437 - The Formation of Extragraft Bone Bridging after Anterior Cervical Disc...

Oral Posters: Cervical

Presented by: C.H. Kim - View Audio/Video Presentation (Members Only)


C.H. Kim(1), C.K. Chung(1), T.H. Park(2), S.H. Woo(2), S.-J. Lee(3), S.B. Park(1)

(1) Seoul National University Hospital, Neurosurgery, Seoul, Korea, Republic of
(2) R&D Center, Medyssey Co., Ltd, , Hanbang expo-ro, Jecheon-si, Korea, Republic of
(3) Inje University, Biomedical Engineering, Gimhae-si, Korea, Republic of


Study Design: Finite element analysis (FEA).

Objective: The objective of the present study was to determine the minimal area of contact surface between an interbody graft and vertebra required to achieve solid fusion after single-level anterior cervical discectomy and fusion (ACDF) with a stand-alone cage by finite element analysis.

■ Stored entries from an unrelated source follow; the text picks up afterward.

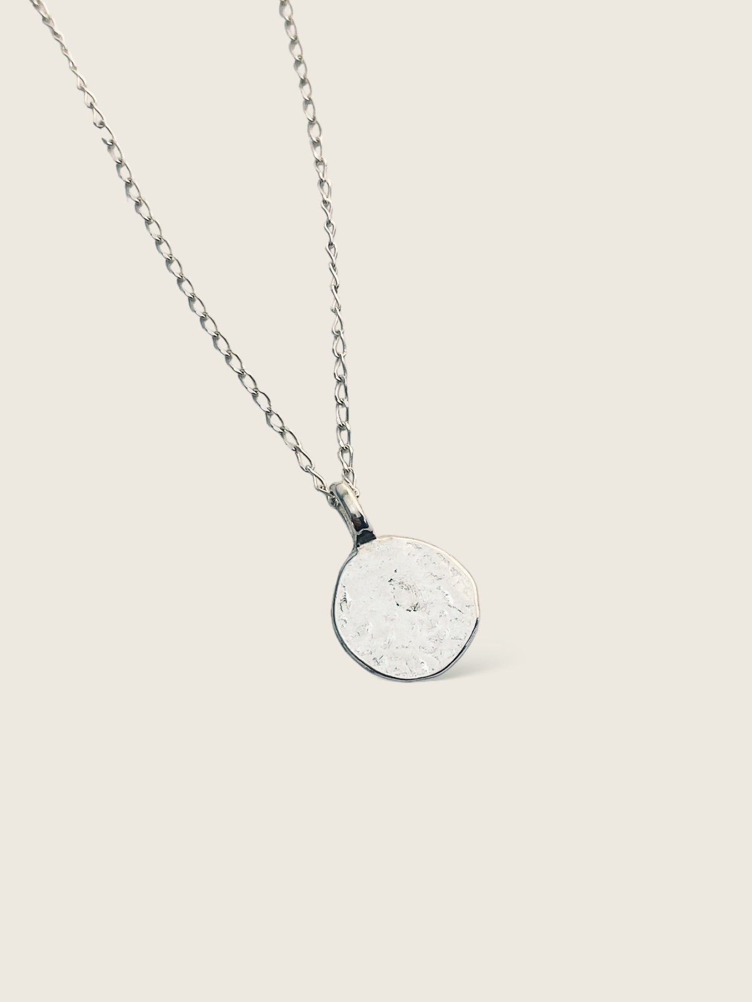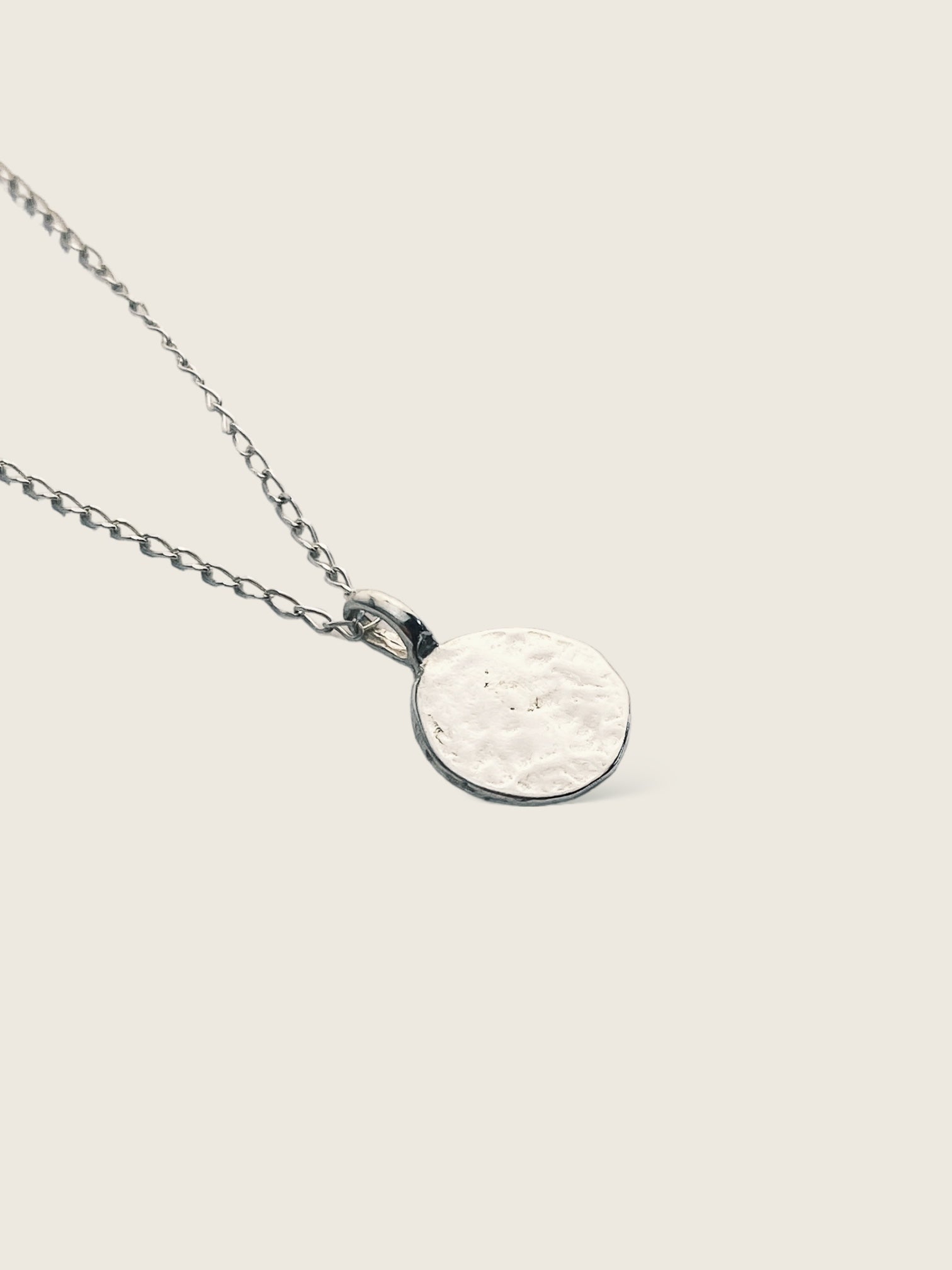 A curbed delicate chain featuring a 13mm organic Pendant.
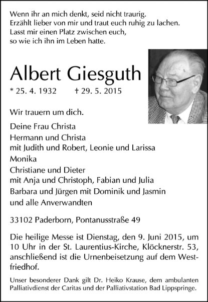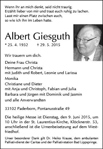 gestorben am 29. Mai 2015 in Bad Lippspringe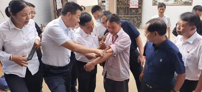 2022年中秋节前夕,云南省委政法委副书记、省见义勇为基金会常务理事吴朝武(左一)到红河哈尼族彝族自治州蒙自市看望慰问见义勇为英模刘强书,察看其伤势恢复情况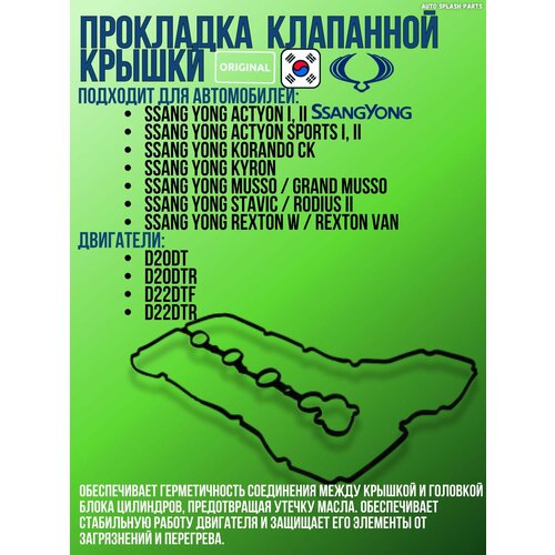 В данном списке перечислены все автомобили марки Ssang yong на которые данная прокладка клапанной крышки подходит, если в списке нет вашего автомобиля - она Вам не подходит.- Если вы сомневаетесь в совместимости данной прокладки с Вашим автомобилем задайте вопрос и укажите год / обьем двигателя / VIN номер для точного подбора.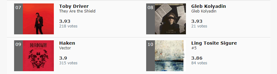my invitation to publish our lists is mainly intended to bring out the differences that exist between us in order to later verify if the albums in question are valid and had not been taken into account or if they are far from our musical preferences ... it remains however the fact that having to make a selection of only 10 albums, many excellent albums remain out ... Mike if you had prepared the list you could publish it |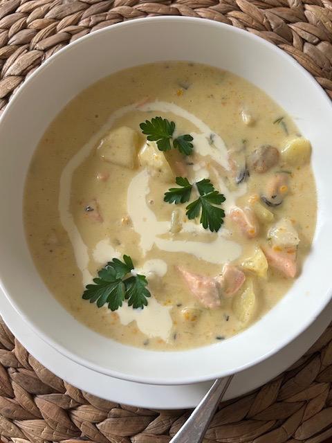 Lunch was Irish seafood chowder. Cooked a soffitto (Sp.various) in butter, added plain flour, added fish stock, added small cubes of potato. Simmered this for about half an hour then added some cream, milk, salt and pepper, some thyme, brought this all to the boil and added cubes of salmon, cubes of snapper, some shrimp/ prawns and a few shelled mussels. Cooked for 5 minutes till all seafood cooked. Done.
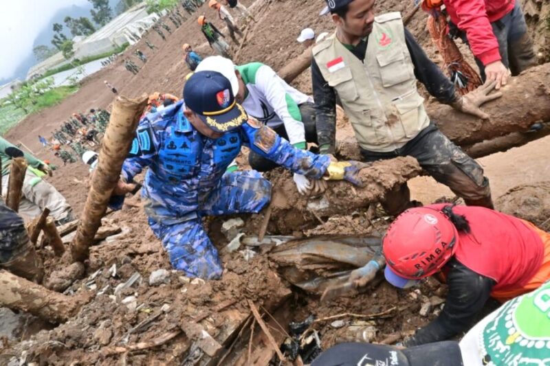 Di lokasi kejadian, personel Lanud Husein Sastranegara bersama para relawan bahu-membahu melakukan pembersihan material longsor serta membantu proses evakuasi dan penanganan wilayah terdampak. Kehadiran unsur TNI AU diharapkan dapat mempercepat pemulihan kondisi dan meringankan beban warga.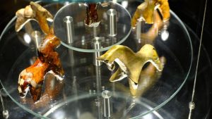 Next to hammer and anvil, the goldsmiths also used the technique of casting. For that, molten metal was poured into a stone or clay cast, and after cooling down, uneven spots were smoothed over and ornaments were added.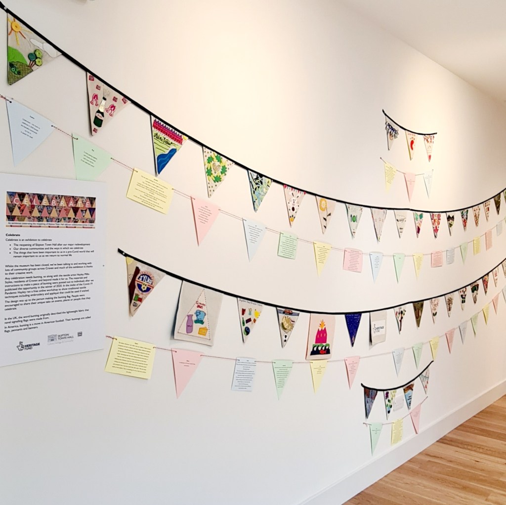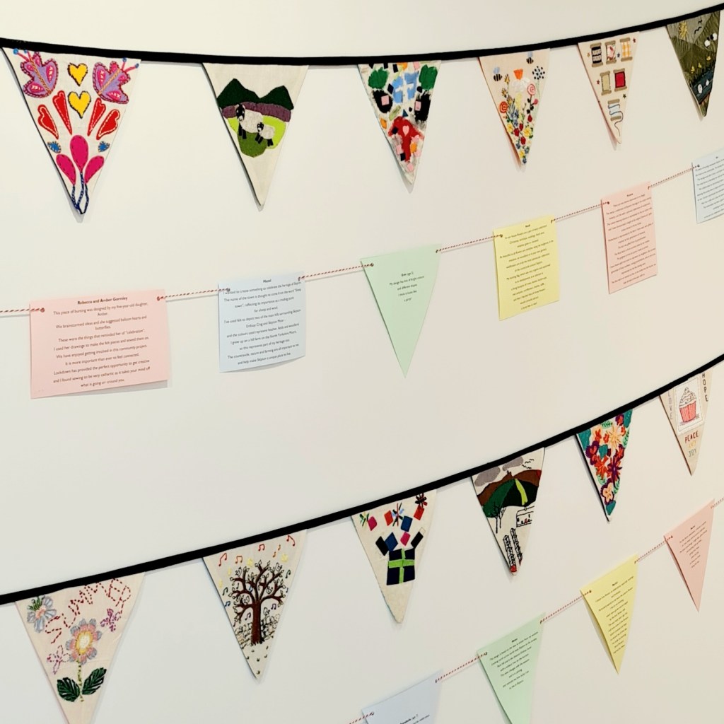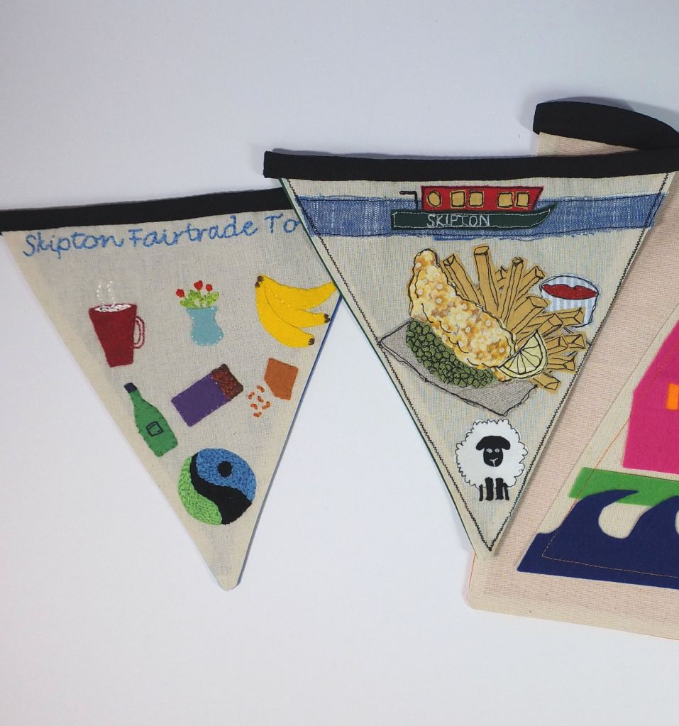 Participants from across Craven were invited to create a triangle for the bunting with the theme of celebration. The designs celebrated everything from local history and community groups to music and dance. People created their designs using hand embroidery, applique, paint and mixed media.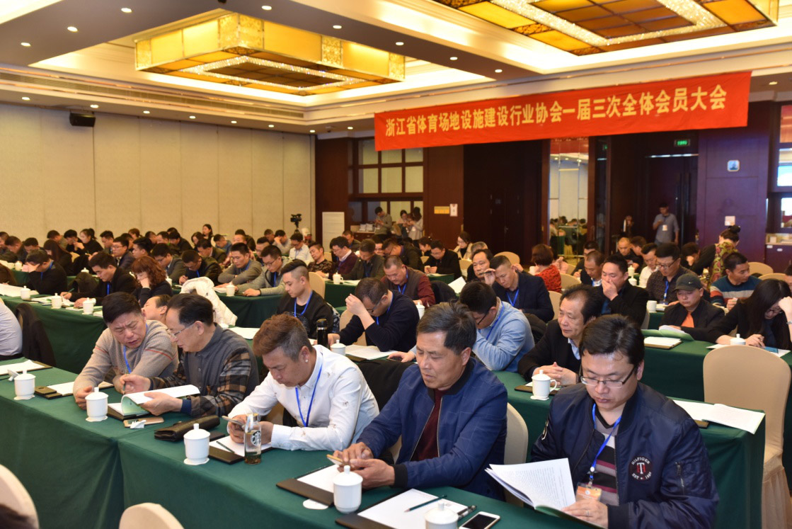 三月十九至二十日,緊隨全國兩會順利閉幕,浙江省體育場地設施建設行業(yè)協(xié)會一屆三次全體會員大會,在杭州寶盛水博園大酒店如期召開。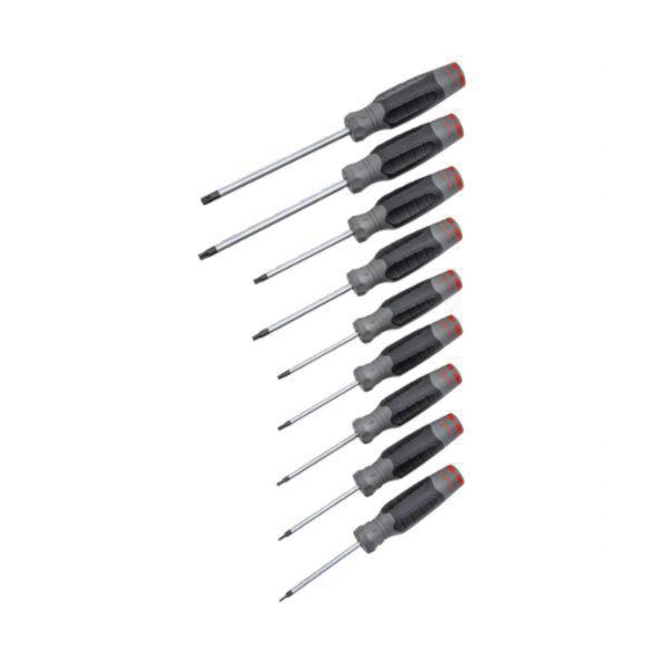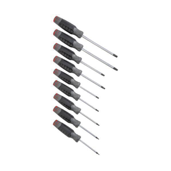 - ESD-Safe:NoFinish:Polished Chrome/Black Oxide TippedHandle Type:Ergonomic Quad-Lobe, Ergonomic/Quad-LobeInsulated:NoMaterial:Alloy Steel ShankMeasurement System:ImperialNumber of Pieces:9Screwdriver Types Included:Torx, Torx®Specifications:3 to 6 in L Round ShankSpecifications Met:ASME B107.15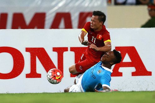 VAAOOO, 1-8 cho VN. Văn Quyết ghi bàn. Phút 90, Chí Công bấm bóng vào trung lộ, Văn Quyết cài người trung vệ trẻ Horsfield, giành được lợi thế, thoát xuống tâng bóng qua đầu thủ môn Caballero, ghi bàn.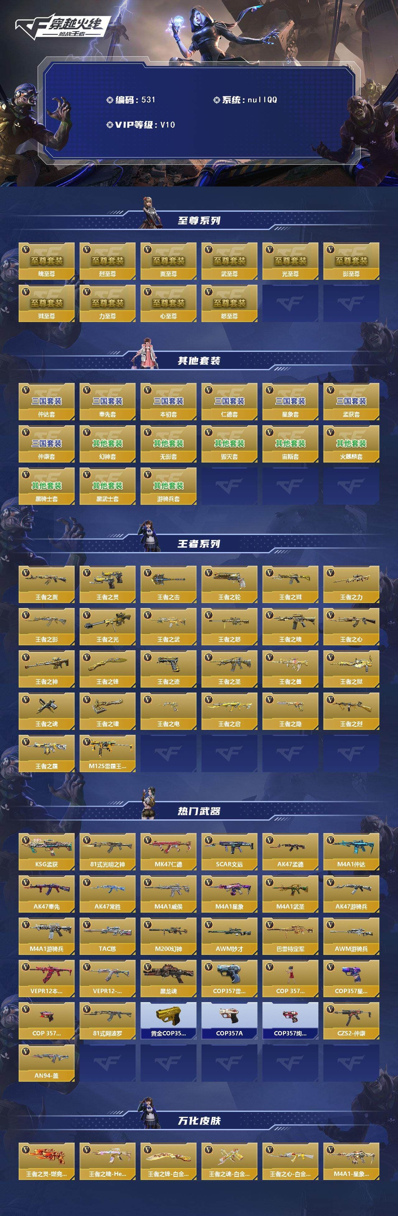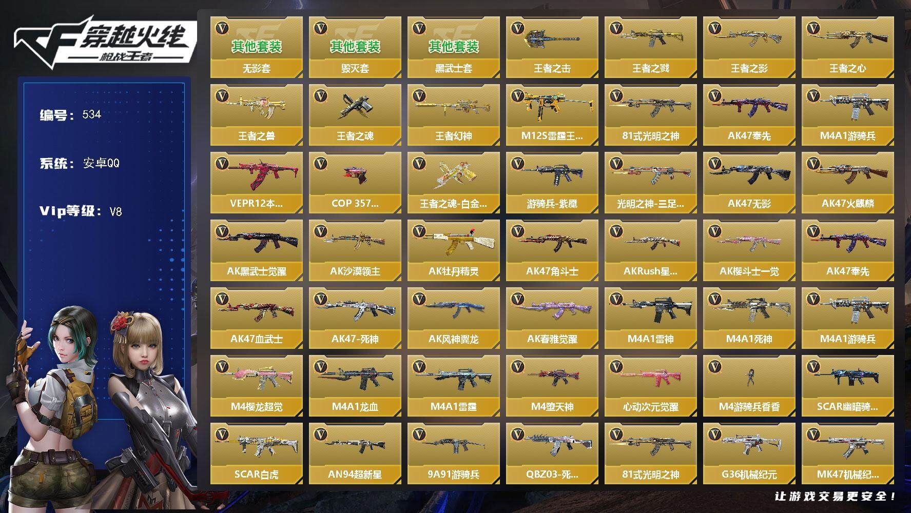 【账号佳】 R48895 可二次安卓QQ 5英雄角色数-434英雄武器数【至尊系列】:力至尊,戮至尊,翼至尊,影至尊,光至尊,心至尊,武至尊,魄至尊,烈至尊,怒至尊【三国/其他套装】:火麒麟套,黑骑士套,黑武士套,游骑兵套,毁灭套,无影套,星象套,幻神套,仲达套,宙斯套,奉先套,仁德套,本初套,孟获套,仲康套【万化皮肤】:M4A1-星象-璀璨星辰·白虎,M4A1-仲达-白露,AWM-妙才-过载,王者之锋-白金血钻,王者之魂-白金血钻,王者之灵-燃竞之巅,王者之魄-HeartShot,王者之心-白金血钻,M4A1-游骑兵-枪娘,M4A1-游骑兵-寒霜,M4A1-游骑兵-KZ,M4A1-星象-璀璨星辰·朱雀,M4A1-星象-璀璨星辰·玄武,M4A1-星象-璀璨星辰·青龙,M4A1-仲达-过载【王者系列】:王者之翼,王者之灵,王者之击,王者之轮,王者之戮,王者之力,王者之影*2,王者之光,王者之武,王者之怒,王者之魄,王者之心,王者之神,王者之锋*2,王者之迹,王者之圣,王者之兽,王者之狱,王者之魂*2,王者之啸,王者之电,王者之启,王者之隐,王者之烈,王者之霆,M12S-雷霆王者【热门武器】:KSG-孟获,81式-光明之神,MK47-仁德,SCAR-文远,AK47-孟德,M4A1-仲达,AK47-奉先,AK47-常胜,M4A1-威侯,M4A1-星象,M4A1-武圣,AK47-游骑兵,M4A1-游骑兵*2,TAC-慈,M200-幻神,AWM-妙才*2,巴雷特-定军,AWM-游骑兵,VEPR12-本初,VEPR12-宙斯,黑龙魂,COP 357-雷霆,COP 357-旗袍,COP 357-星象,COP 357-堕天神,81式-阿波罗,黄金COP 357,COP 357-A,COP 357-绚樱,CZS2-仲康,AN94-盖【角色】:幽灵刀锋-觉醒,子涵,关小雨,雅典娜,祝融夫人【英雄武器】:AK47-无影,AK47-火麒麟,AK47-黑武士觉醒,AK47-沙漠领主*2,AK47-牡丹精灵,AK47-角斗士,AK47-耀金伯爵,AK47-游骑兵,AK47-冰魂觉醒,AK47-火麒麟-灵狐,AK47-Rush-星速,AK47-常胜,AK47-英朗,AK47-樱斗士-超觉,AK47-竞技战魂,AK47-机械迷城,AK47-变色龙,AK47-天使,AK47-孟德,AK47-幸运日觉醒,AK47-猩红传说,AK47-沙漠郡主-二觉,AK47-燎天净火,AK47-雷麒麟*2,AK47-心动次元觉醒,AK47-奉先,AK47-血武士,AK47-华夏传说,AK47-死神,AK47-黑鲨,AK47-春雅觉醒,AK47-木兰,AK47-塔罗牌觉醒,AK47-谜城烟火*2,M4A1-雷神*4,M4A1-黑骑士*2,M4A1-黑龙,M4A1-死神*2,M4A1-玫瑰精灵,M4A1-游骑兵*2,M4A1-枪娘,M4A1-君威GS,M4A1-武圣,M4A1-竞技战魂,M4A1-星象,M4A1-樱龙·超觉,M4A1-Rush-夜袭,M4A1-变色龙,M4A1-威侯,M4A1-龙血,M4A1-仲达,M4A1-雷霆,M4A1-海骑士,M4A1-破空冰刃,M4A1-堕天神,M4A1-心动次元觉醒,M4A1-运输船*3,M4A1-猎神,M4A1-千变,QBZ95-天使,SCAR-幽暗骑士,SCAR-幽暗骑士觉醒,SCAR-文远,SCAR Light-白虎,QBZ03-死神,HK416-极光,81式-光明之神,QBZ19-天使,MK47-仁德,G3A3-衍神兵,QBZ97-浩瀚征途,AWM-天龙,AWM-游骑兵,AWM-妙才*2,AWM-裁决,巴雷特-毁灭*2,巴雷特-极光*2,巴雷特-雷神,巴雷特-枪娘,巴雷特-定军,巴雷特-变色龙,巴雷特-冬灭觉醒,巴雷特-朱雀,M200-幻神,09式狙-天神*4,98K-黑骑士,98K-星神,MR1-龙吟惊沧海,TAC-慈,TAC-晴舞,TAC-雷暴,VSK-94-金蚀,RPK-盘龙,RPK-赤炎盘龙,MG3-雏凤,加特林-堡垒*2,加特林-炼狱,加特林-堡垒觉醒,刘易斯-血月,刘易斯-星际方舟觉醒,MG36-黑骑士,MK5-机械纪元,MK5-极光,汤姆逊-烈龙*3,寒霜烈龙,王者之烈,双持斯泰尔-天使*3,各种道具详情看截图、低价出售找回包 赔、截图展示段位不代 表实际段位,如赛季更新等不可抗拒因素发生变化、时限道具不保证所剩时间、标题未写送点劵默认不送【卖号买号首选亿梦】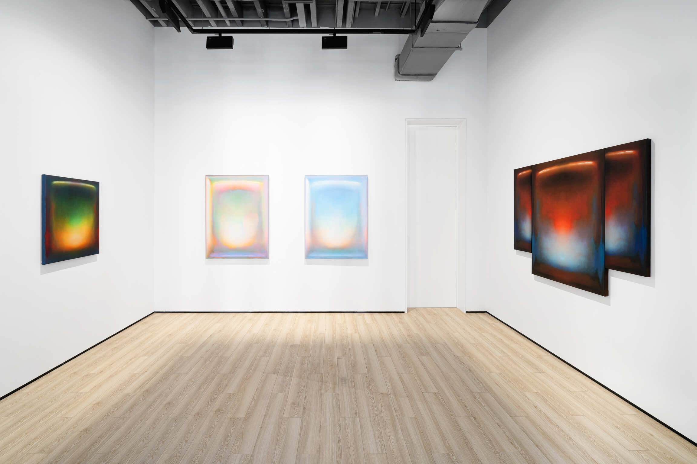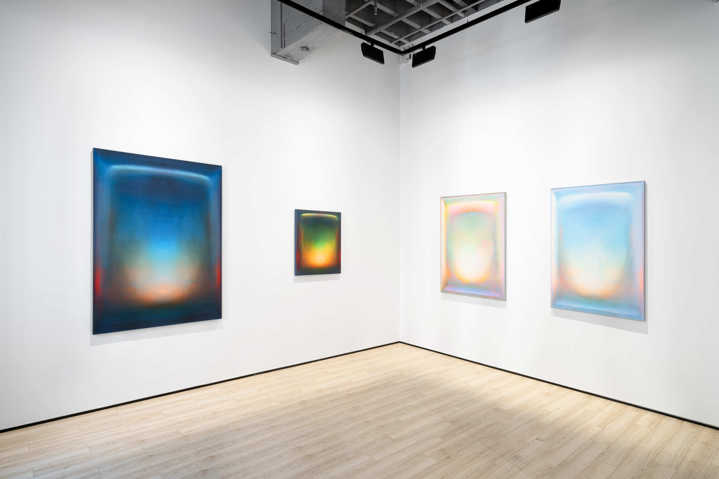 For this new show, Amaro has painted horizons, or, rather, the spirit of the horizon as seen from a window, an airplane window, or even through a smartphone screen.

Summary of Background Data: In addition to bone bridging inside a cage or graft (intragraft bone bridging, InGBB), extragraft bone bridging (ExGBB) is commonly observed after ACDF. However, the formation of ExGBB in the spinal canal may aggravate stenosis of the spinal canal. Insufficient contact area of InGBB may be a causative factor for the formation of ExGBB.

Methods: A validated 3-dimensional, nonlinear ligamentous cervical segment (C3-7) finite element model was used. This study simulated a single-level ACDF at C5-6. The variables were the properties of the incorporated interbody graft and the contact area between vertebra and interbody graft (Graft-area). The properties of the graft ranged from cancellous bone (Young´s modulus 100 or 300 MPa) to cortical bone (10,000 MPa). The morphology of the interbody graft was cylindroid, and the Graft-area increased from 10 to 200 mm2 in intervals of 10 mm2. Interspinous motion between the flexion and extension models of less than 2 mm was considered solid fusion. The interior areas of commercial interbody cages ranged from 48.5 to 108.07 mm2.

Results: The minimal Graft-areas for solid fusion were 190 mm2, 140 mm2, and 100 mm2 with properties of 100, 300 and 10,000 MPa, respectively. The Graft-areas were not obtainable with only the formation of InGBB in most commercial cages. Moreover, the InGBB property also influenced the graft area.

Conclusion: ExGBB may be formed to compensate for insufficient Graft-area in commercial cages. The present study may be helpful for the improvement of surgical implants and materials.